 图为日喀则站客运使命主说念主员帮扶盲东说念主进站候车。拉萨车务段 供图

━━━━━━━━━━━━━━━━

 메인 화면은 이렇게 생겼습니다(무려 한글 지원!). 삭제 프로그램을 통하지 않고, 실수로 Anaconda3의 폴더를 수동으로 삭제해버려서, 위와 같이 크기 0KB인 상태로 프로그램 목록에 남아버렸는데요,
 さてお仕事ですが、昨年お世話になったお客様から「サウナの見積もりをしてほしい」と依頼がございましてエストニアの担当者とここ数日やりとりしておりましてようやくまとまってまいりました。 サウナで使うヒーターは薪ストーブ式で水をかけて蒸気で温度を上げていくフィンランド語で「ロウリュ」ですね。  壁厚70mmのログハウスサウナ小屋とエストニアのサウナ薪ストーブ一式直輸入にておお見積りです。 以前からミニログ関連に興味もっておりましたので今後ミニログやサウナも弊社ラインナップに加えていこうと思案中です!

━━━━━━━━━━━━━━━━

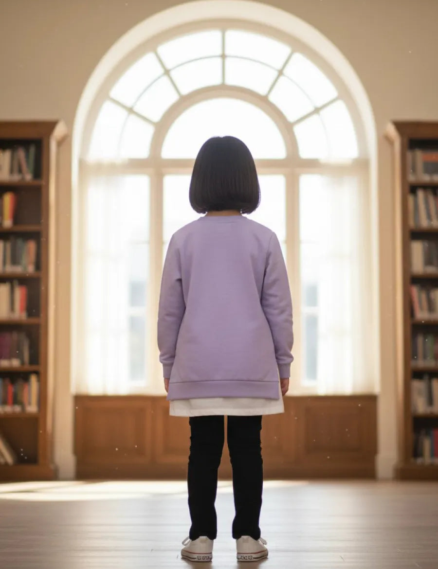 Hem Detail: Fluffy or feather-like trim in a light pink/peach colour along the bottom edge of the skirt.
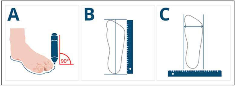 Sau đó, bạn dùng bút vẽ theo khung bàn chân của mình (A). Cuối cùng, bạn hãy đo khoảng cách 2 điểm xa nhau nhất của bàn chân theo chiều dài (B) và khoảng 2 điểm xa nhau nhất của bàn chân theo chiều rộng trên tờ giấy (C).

━━━━━━━━━━━━━━━━

Look above for the line with "Hem Detail: Fluffy" and the line with "Sau đó, bạn". Output those two and everything between them exactly, pictures excluded.

 Hem Detail: Fluffy or feather-like trim in a light pink/peach colour along the bottom edge of the skirt.
 Sau đó, bạn dùng bút vẽ theo khung bàn chân của mình (A). Cuối cùng, bạn hãy đo khoảng cách 2 điểm xa nhau nhất của bàn chân theo chiều dài (B) và khoảng 2 điểm xa nhau nhất của bàn chân theo chiều rộng trên tờ giấy (C).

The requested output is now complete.